PlaneSense is a fractional aircraft ownership program managed by PlaneSense, Inc. and based in Portsmouth, New Hampshire, United States. As of the beginning of 2020, they manage a civilian fleet of 44 total program aircraft, made up of thirty-six Pilatus PC-12 aircraft, and five Pilatus PC-24 jets.  The PlaneSense fractional program provides private air transportation, primarily within the United States, Canada, Mexico, The Bahamas, the islands of the Caribbean and more recently, Cuba.  PlaneSense guarantees departure times as soon as 8 hours after a flight request, depending on the size of the aircraft share owned for domestic flights on non-peak days. PlaneSense, inc. is not, itself, an air charter provider or commercial air carrier, but charter flights can be arranged through its sister company, Cobalt Air.

History

PlaneSense, Inc., formerly named Alpha Flying, Inc. was founded in 1992.  The name was changed on 1 February 2012 to PlaneSense, Inc.. Originally based in Norwood, Massachusetts, Alpha Flying, Inc. was founded by George Antoniadis, initially as a supplemental program to the, then, Alpha Flying Club, which provided rental and management of high performance piston and turbine powered general aviation aircraft. In 1995, the PlaneSense program was founded with the first Pilatus PC-12 delivered on 9 September 1995. In 1998, they moved to a facility at Nashua Airport. In 2000, they moved to a facility at Manchester-Boston Regional Airport. In 2007, they moved to a new custom built facility  at Portsmouth International Airport at Pease in Portsmouth, New Hampshire.

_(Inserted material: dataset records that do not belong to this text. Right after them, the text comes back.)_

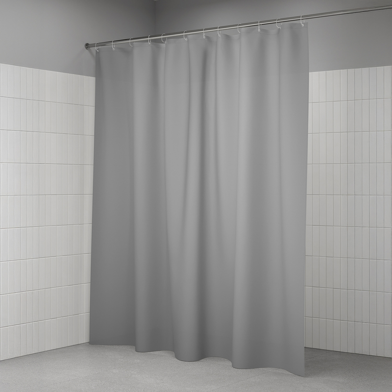 Текстильная светло-серая штора для ванной будет гармонично смотреться и в светлом, и в темном интерьере. Увеличенный размер – 200х240 см.
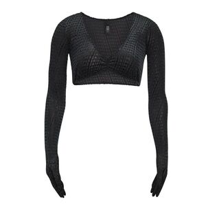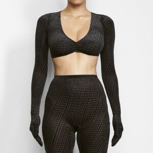 Skims Velvet Crop Top Logo 2X Soot Black Plus Size Logo Burnout Open Bust
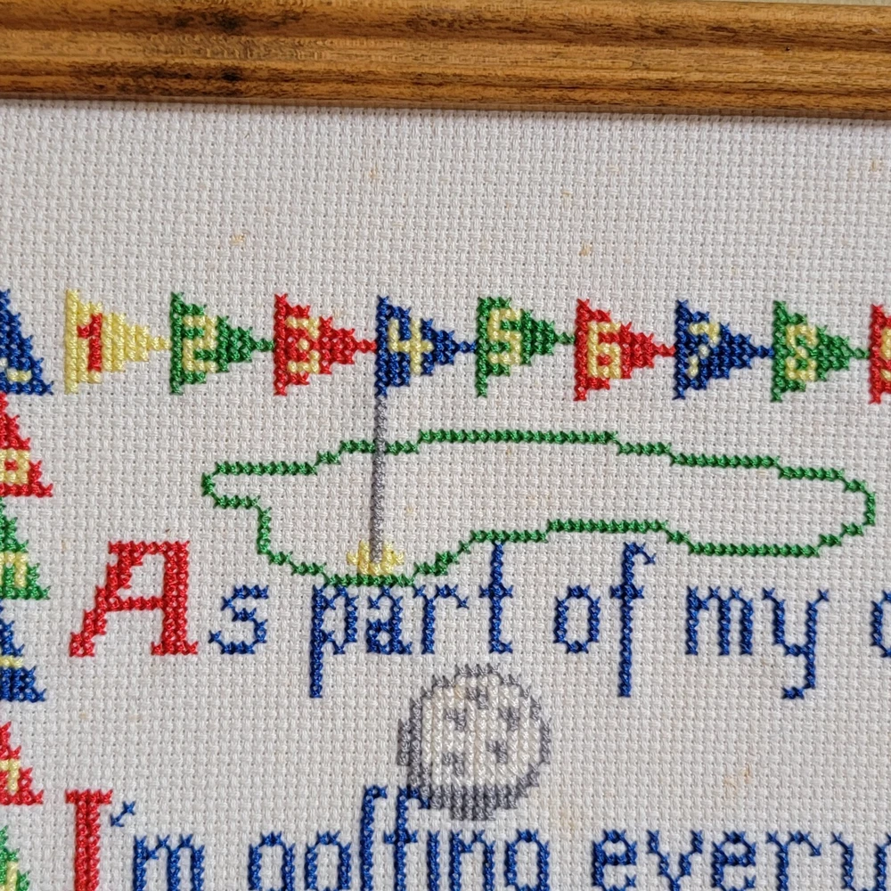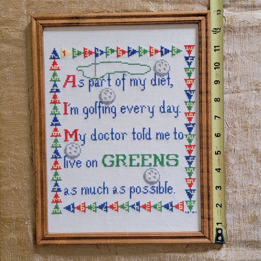 Vintage Golf Cross Stitch Needlework Framed Retro Home Office Decor Pre~Loved. In nice vintage condition. *Please note there are signs of small dots (splash-like) discoloration on fabric. Not sure if it is possible to remove or if stained. *Some minor peeling of paper on back of frame. Otherwise, it's in nice condition & nicely framed. ** Please refer to listing photos for condition details & measurements. 💛 Tia's Boutique offers: ▪︎ Flat shipping rates for all packages up to 5 lbs. ▪︎ All purchases are mailed out within ONE (next) business day! ▪︎ FREE Returns kindly accepted within 30 days of purchase. ▪︎ Shipping from a smoke-free home. ▪︎ Packaged with care & gratitude. Please reach out with any questions you may have. Thank you for visiting my shop & happy ebaying! 😊

The PlaneSense program achieved steady growth since its inception 25 years ago, and it has recently surpassed significant flight benchmarks. Notably, it has exceeded the milestone of 400,000 flight hours.

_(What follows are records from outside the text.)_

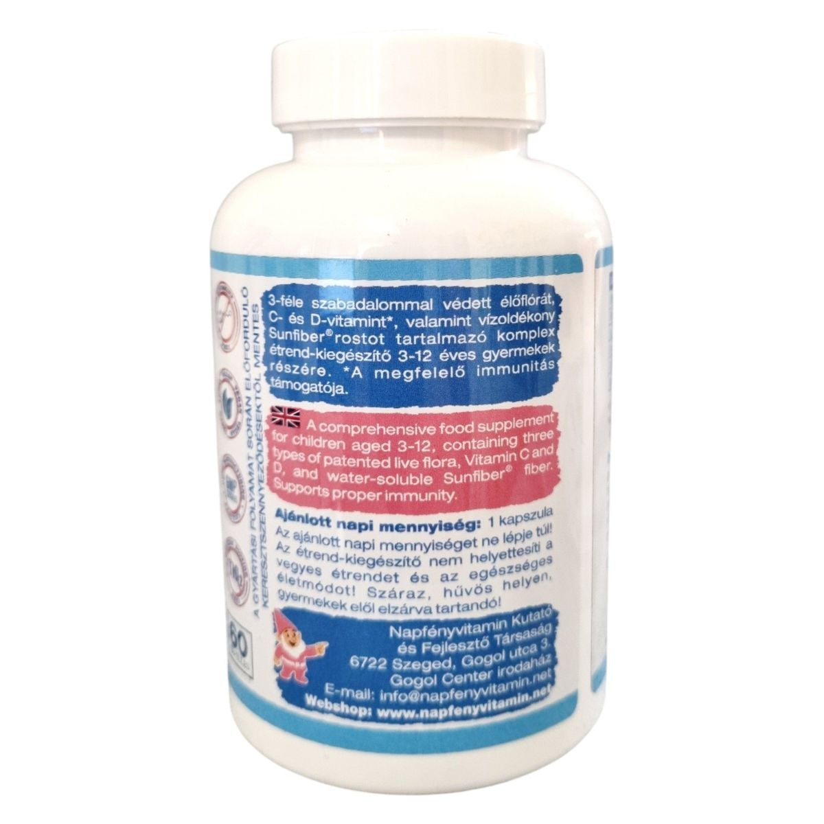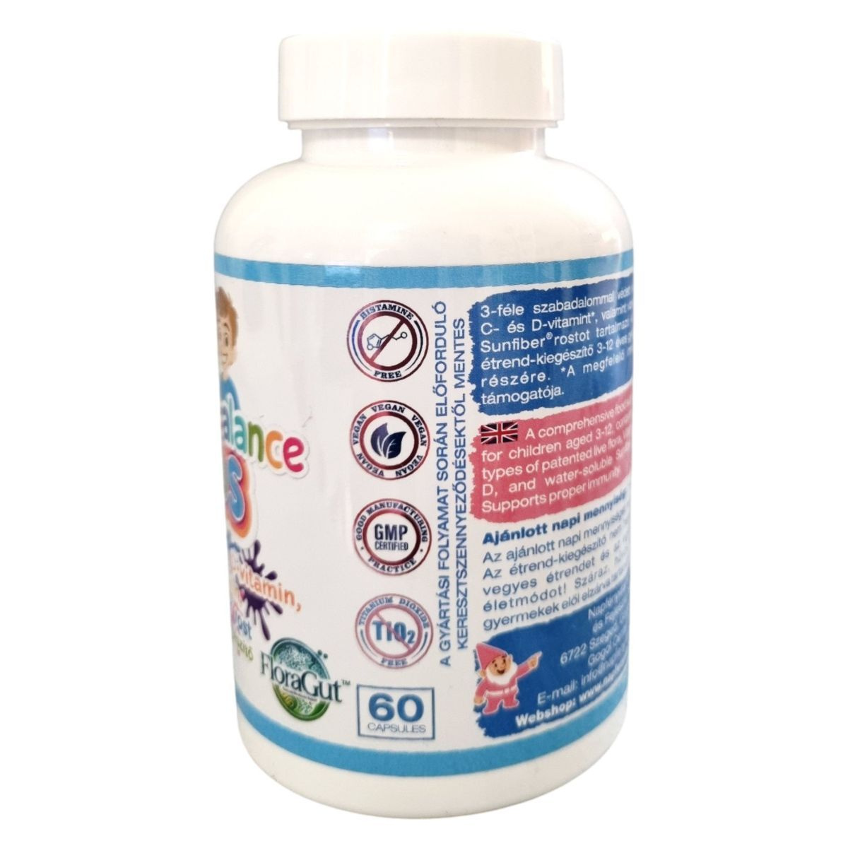 A FloraGut™ KiDS egy speciálisan 3-12 éves gyermekek számára kifejlesztett étrend-kiegészítő, amely háromféle szabadalommal védett élőflórát, C- és D-vitamint, valamint vízoldékony Sunfiber® rostot tartalmaz. A termék célja, hogy támogassa a gyermekek megfelelő immunitását. A termék vegán, TiO2 mentes, és a gyártási folyamat során előforduló keresztszennyeződésektől mentes. A kapszulák száraz, hűvös helyen, gyermekek elől elzárva tartandók. Az ajánlott napi mennyiséget ne lépje túl, és az étrend-kiegészítő nem helyettesíti a vegyes étrendet és az egészséges életmódot.
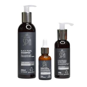 Composto por 3 produtos: Black pearl shampoo 250 ml Coacervado ultra resist 120 g Magma power growth factors 30 ml
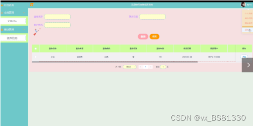 领养信息,在领养信息页面可以查看宠物名称、宠物类型、宠物颜色、宠物性别、宠物年龄、领养日期、领养用户等信息进行详细操作。如图5-11。
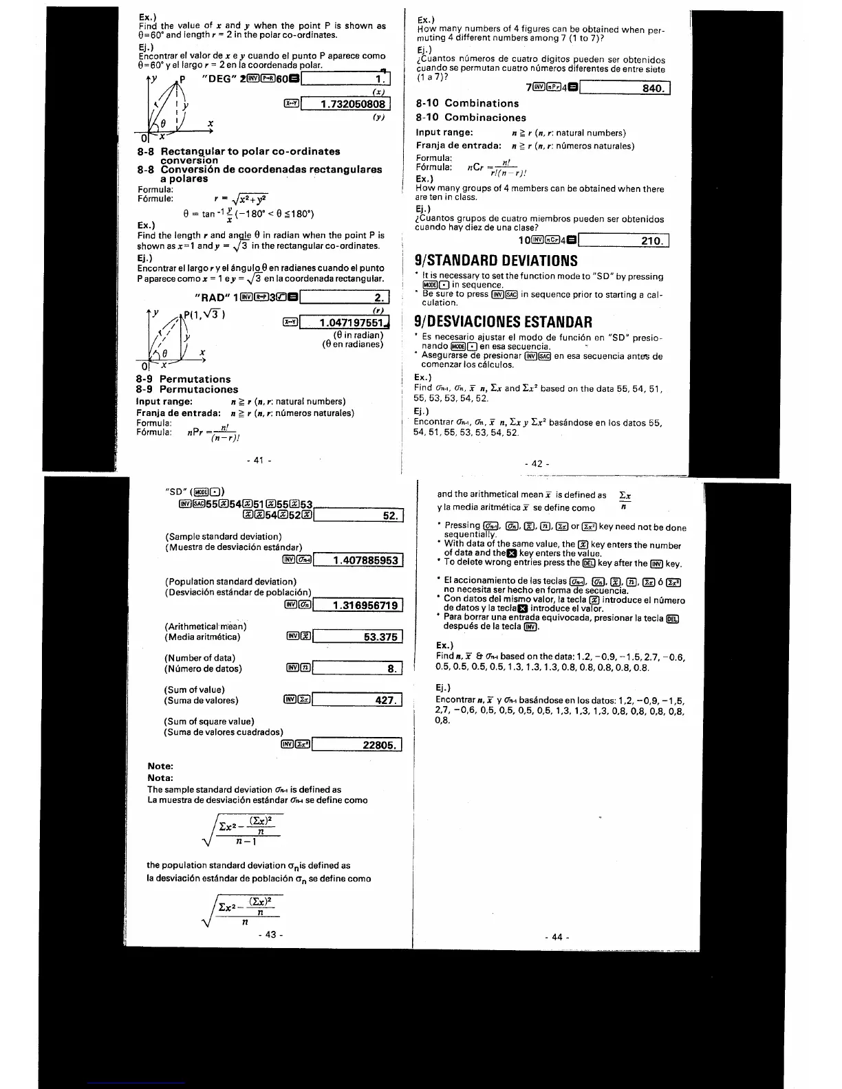 Casio FX-100B - Statistical Calculations; Setting SD Mode and Clearing Registers; Calculating Mean and Standard Deviations; Calculating Sums and Number of Data

President and CEO of PlaneSense, Inc., George Antoniadis, explains, "PlaneSense, Inc. has built its successful business model on the Pilatus PC-12. For over twenty-one years, this versatile, efficient and reliable aircraft has served us extremely well. The PlaneSense program employs the largest civilian fleet of the PC-12 aircraft in the world, which speaks volumes about our satisfaction with the performance of the aircraft and our long lasting relationship with Pilatus."

In 1994 George Antoniadis arranged a visit to Pilatus Aircraft Stans, Switzerland, to view their new turboprop model - the PC-12. He reviewed the PC-12, analyzed its operating characteristics and soon became convinced that it was the airplane he'd been seeking. He placed an order in September 1995 and took delivery of the 20th Pilatus PC-12 off the assembly line.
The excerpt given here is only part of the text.